[21] The French translation of this book is an abridgment. It is quite incomplete.

[22] This sentence has been misunderstood by some of my readers and critics. What I mean is that the Christian charity and love preached in the Gospel of St. John are reflected more sharply and fully in Dostoievsky’s books than in those of any other writer I know of.

[23] By a doctrinaire I mean not a man who has strong principles and convictions; but a man who deliberately shuts his eyes to those facts which contradict his theory, and will pursue it to the end even when by so doing the practice resulting is the contrary of his aim.

CHAPTER VII
THE PLAYS OF ANTON TCHEKOV

Anton Tchekov is chiefly known in Russia as a writer of short stories.[24] He is a kind of Russian Guy de Maupassant, without the bitter strength of the French writer, and without the quality which the French call “cynisme,” which does not mean cynicism, but ribaldry.

Tchekov’s stories deal for the greater part with the middle classes, the minor landed gentry, the minor officials, and the professional classes.

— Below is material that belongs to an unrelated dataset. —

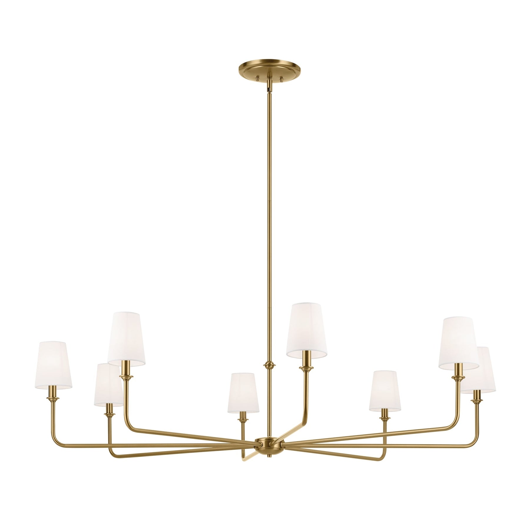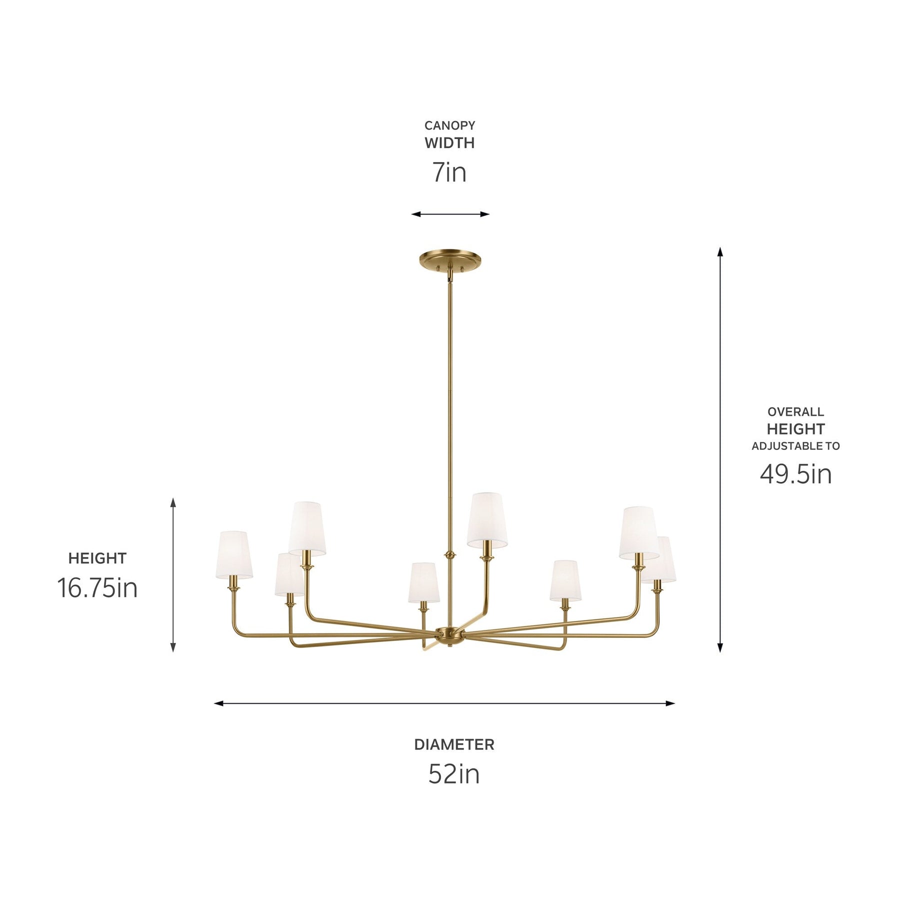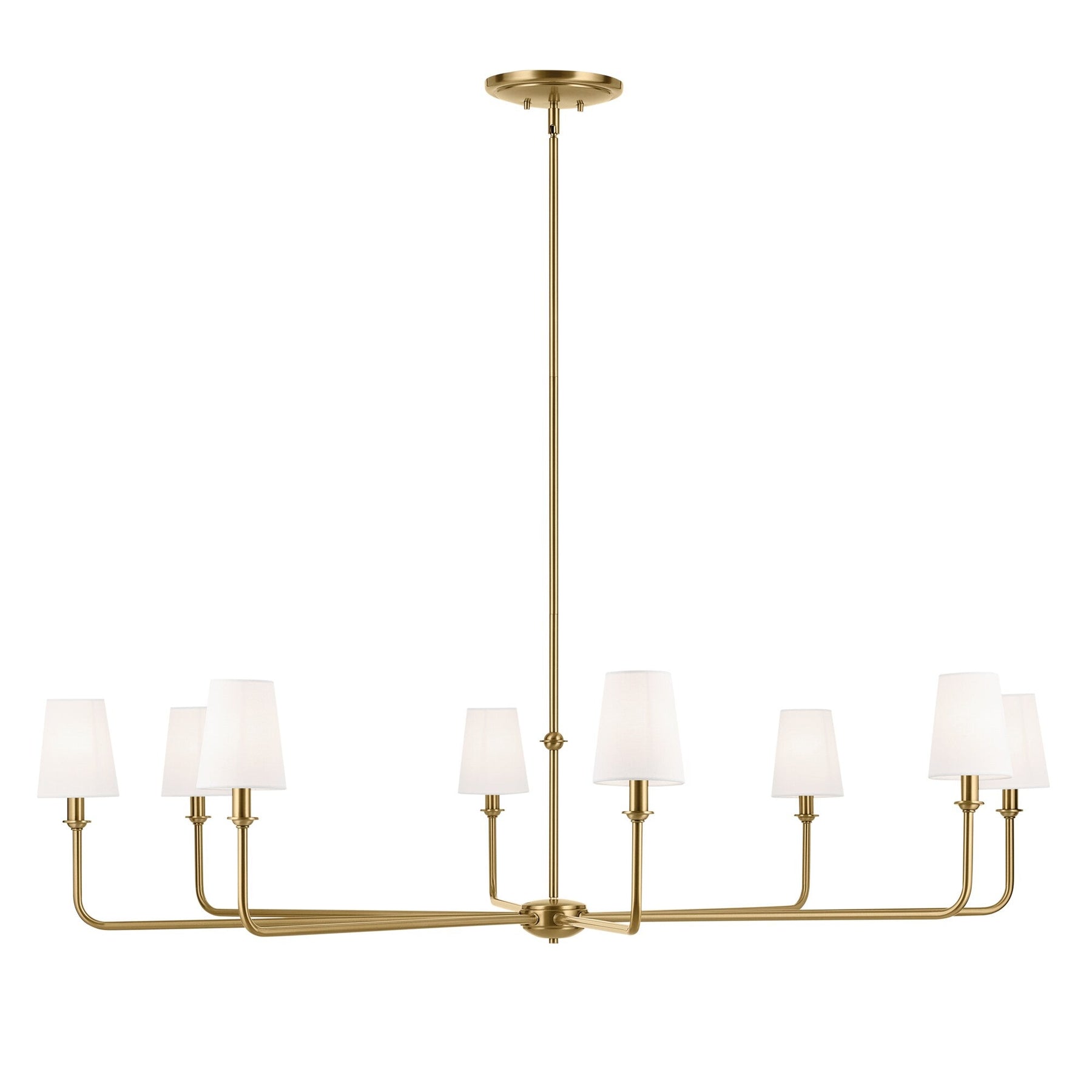 Illuminate your space with timeless elegance using the Kichler Pallas 8-Light Brushed Gold Chandelier. Crafted from durable steel with a luxurious brushed gold finish, this chandelier offers versatile styling options with or without the included linen shades, perfect for enhancing modern traditional interiors.

Tolstoy is reported to have said that Tchekov was a photographer, a very talented photographer, it is true, but still only a photographer. But Tchekov has one quality which is difficult to find among photographers, and that is humour. His stories are frequently deliciously droll. They are also often full of pathos, and they invariably possess the peculiarly Russian quality of simplicity and unaffectedness. He never underlines his effects, he never nudges the reader’s elbow. Yet there is a certain amount of truth in Tolstoy’s criticism. Tchekov does not paint with the great sweeping brush of a Velasquez, his stories have not the great broad colouring of Maupassant, they are like mezzotints; and in some ways they resemble the new triumphs of the latest developments of artistic photography in subtle effects of light and shade, in delicate tones and half-tones, in elusive play of atmosphere.

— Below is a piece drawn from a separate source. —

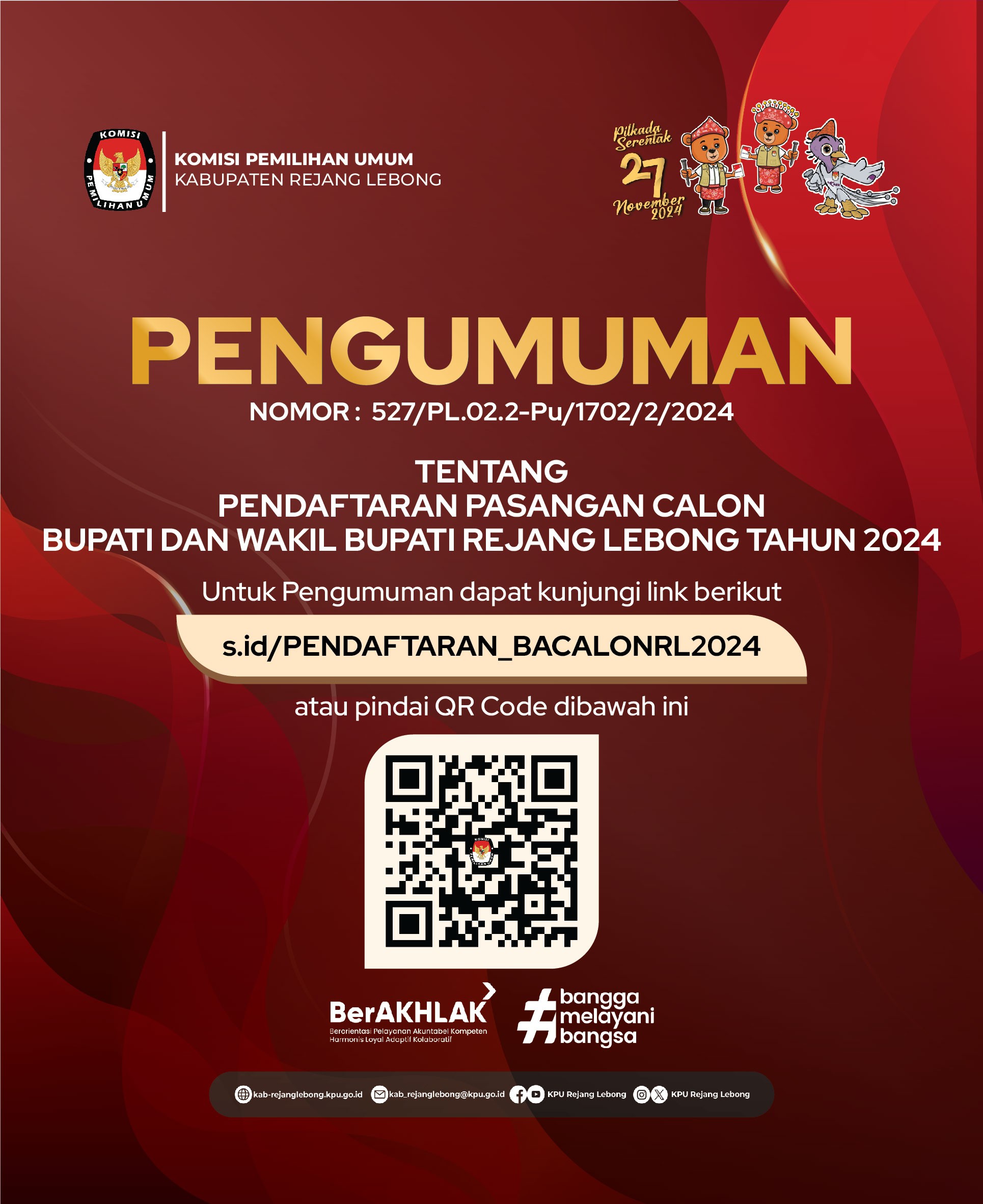 PENGUMUMAN PENDAFTARAN PASANGAN CALON BUPATI DAN WAKIL BUPATI REJANG LEBONG TAHUN 2024

Apart from its artistic merits or defects, Tchekov’s work is historically important and interesting. Tchekov represents the extreme period of stagnation in Russian life and literature. This epoch succeeded to a period of comparative activity following after the Russo-Turkish war. For in Russian history one will find that every war has been followed by a movement, a renascence in ideas, in political aspirations, and in literature. Tchekov’s work represents the reaction of flatness subsequent to a transitory ebullition of activity; it deals with the very class of men which naturally hankers for political activity, but which in Tchekov’s time was as naturally debarred from it.

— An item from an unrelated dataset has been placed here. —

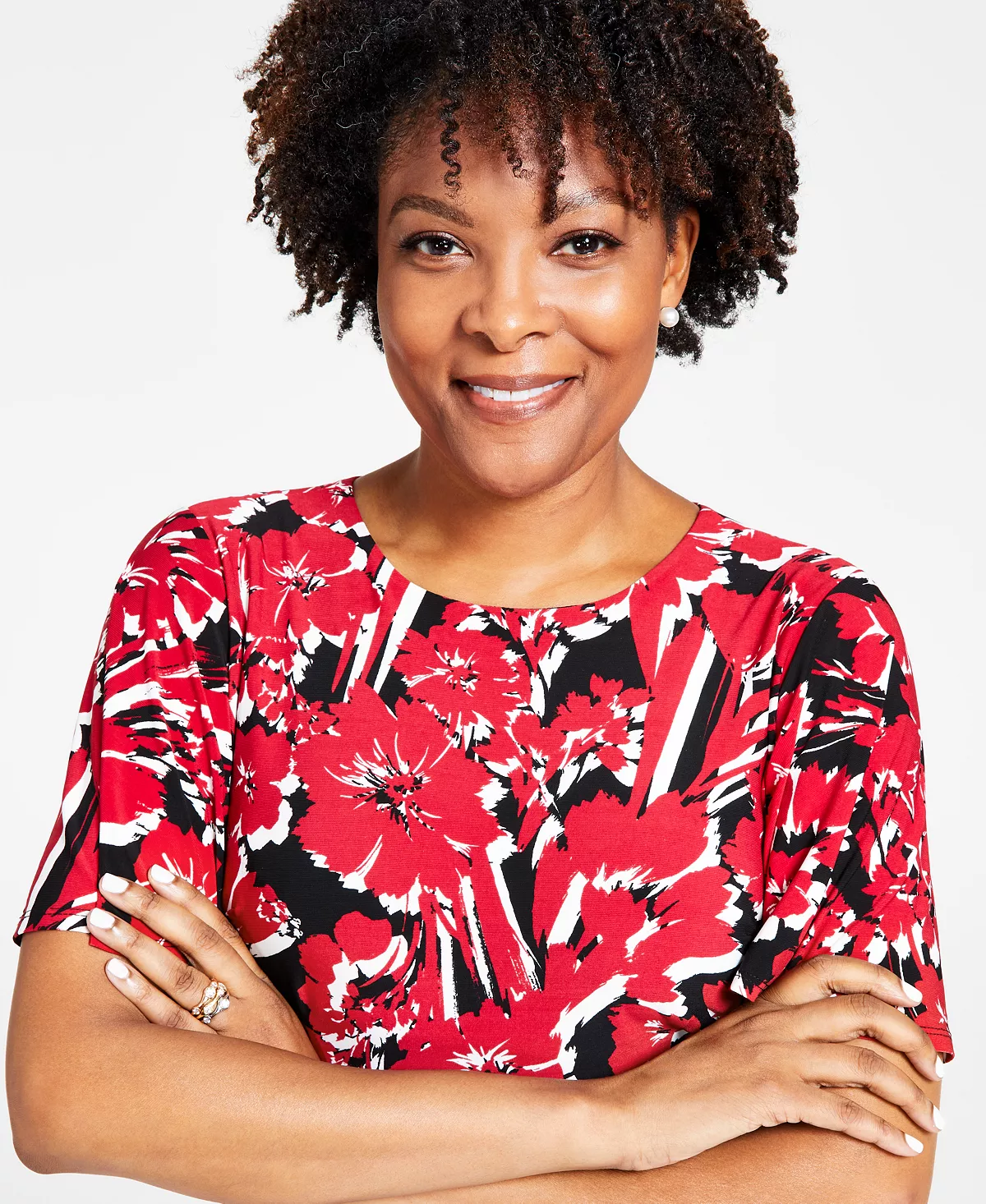 Electric energy flows through the vivid abstract floral knit of this Kasper A-line dress. Its vivacious vibe will take you from desk to dinner with ease.

The result was that the aspirations of these people beat their grey wings ineffectually in a vacuum. The middle class being highly educated, and, if anything, over-educated, aspiring towards political freedom, and finding its aspirations to be futile, did one of two things. It either moped, or it made the best of it. The moping sometimes expressed itself in political assassination; making the best of it meant, as a general rule, dismissing the matter from the mind, and playing vindt. Half the middle class in Russia, a man once said to me, has run to seed in playing vindt. But what else was there to do?

Tchekov, more than any other writer, has depicted for us the attitude of mind, the nature and the feelings of the whole of this generation, just as Tourgeniev depicted the preceding generation; the aspirations and the life of the men who lived in the sixties, during the tumultuous epoch which culminated in the liberation of the serfs. And nowhere can the quality of this frame of mind, and the perfume, as it were, of this period be better felt and apprehended than in the plays of Anton Tchekov; for in his plays we get not only what is most original in his work as an artist, but the quintessence of the atmosphere, the attitude of mind, and the shadow of what the Zeitgeist brought to the men of his generation.

Before analysing the dramatic work of Tchekov, it is necessary to say a few words about the Russian stage in general. The main fact about the Russian stage that differentiates it from ours, and from that of any other European country, is the absence of the modern French tradition. The tradition of the “well-made” French play, invented by Scribe, does not, and never has existed in Russia.